Concerning PSHA, the approach proposed by Cornell and McGuire [59,60] was followed, utilizing the instrumental earthquake catalogue from Makropoulos et al. [25]. Given that this catalogue ends in 2009, it was deemed necessary to extend the period up to 2019 in a homogenous manner, meaning that only reviewed events from the International Seismological Centre (ISC) earthquake catalogue were taken into consideration. Therefore, we refrained from expanding the database for post-2019 events in order to retain homogeneity. It should be noted that only few M_w ≥ 4 magnitude earthquakes have been recorded in the study area since 2019, the largest being the M_w = 5.3 earthquake of 17 February 2021 [7,47]. Thus, we considered that the annual rate of exceedance of the magnitude of completeness would not be altered significantly and would not impact the results of PSHA. According to the Cornell–McGuire approach to PSHA, the results follow a normal distribution, being essentially time-independent. Given that there are both aftershocks and foreshocks included in the utilized earthquake catalogue, a declustering procedure was conducted to retain only the mainshocks. However, it must be noted that ground motion exceedances can be caused randomly by any earthquake occurrence and a significant amount of data could be omitted by applying a declustering procedure. This would have an impact on the obtained results because annual rates of exceedance for the magnitude of completeness would be lower, resulting to the underestimation of the maximum expected ground motion parameters [58,61]. The latter is strengthening the implementation of a non–declustered earthquake catalogue in a Poissonian process, as ground motion at a site caused either by foreshocks or aftershocks may exceed a certain level [61].

Three seismotectonic models were considered herein; namely, the Euro-Mediterranean Seismic Hazard Model 2013 (ESHM13) [62,63], the updated Euro-Mediterranean Seismic Hazard Model 2020 (ESHM20) [64], and the model from Vamvakaris et al. [65] proposed for the Greek territory. The boundaries of the Area Source Zones are selected to include areas with similar seismological and tectonic characteristics, avoiding dividing fault systems, whenever possible. Each model divides the study area into polygons with common seismotectonic characteristics (Area Source Zones, ASZ). Individual faults were not implemented in the PSHA, as a significant part of the total seismicity of the WGoC is related to offshore faults for which certain characteristics are not known; i.e., mean slip rates. The decision to employ more than one seismotectonic model was made in order to acquire differently parameterized earthquake occurrence models so that the epistemic uncertainties would be reduced in a qualitative manner.

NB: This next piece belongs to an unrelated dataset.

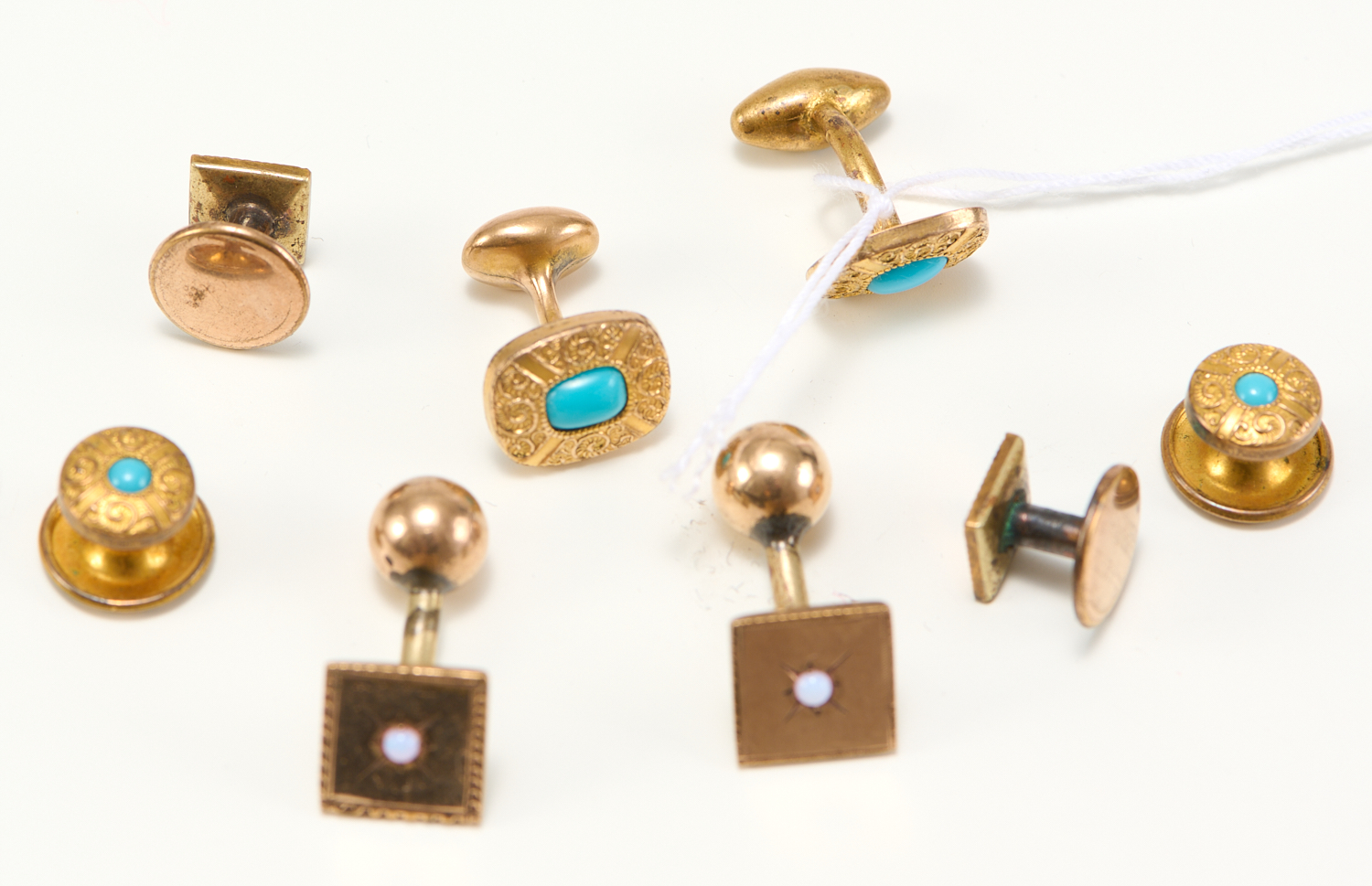 TWO PAIRS OF GOLD LINED CUFFLINKS AND STUDS

The Modified Gutenberg–Richter (MG-R) earthquake occurrence model was applied to characterize the seismic potential of every area source zone for each seismotectonic model [66]. The MG-R was parameterized by importing the following seismicity data for each zone: (a) the b-value, (b) the threshold magnitude (M₀; also considered as the magnitude of completeness (M_c)), (c) the average annual exceedance rate of M_c (λ(M_c)), and (d) the maximum expected magnitude (M_u). The M_c and b-values were estimated for each zone using the maximum curvature (MAXC) method from Wiemer and Wyss [67] and the maximum likelihood function from Aki [68], respectively, with ZMAP software [69]. This method has been proved to be stable, even in cases when a small number of earthquakes within each zone are used [70,71]. The λ(M_c) was calculated through the analysis of the earthquake catalogue and M_u was estimated via the Robson–Whitlock–Cooke (R-W-C) procedure [72,73]. Regarding the geometry data, the depth of each seismic zone was estimated through depth histograms constructed using the focal depths reported in the earthquake catalogue. It must be noted that ESHM13, ESHM20 and VAM16 provide values concerning the aforementioned parameters, each using a different earthquake catalogue. However, in the present study the b-value, M_c, λ(M_c) and M_u were recomputed for each ASZ, im-plementing the updated earthquake catalogue of Makropoulos et al. [25] to retain ho-mogeneity regarding the seismicity and geometry data. Consequently, only the ASZ were adopted from the three zonation models. The computed seismicity and geometry data are depicted in Table S1.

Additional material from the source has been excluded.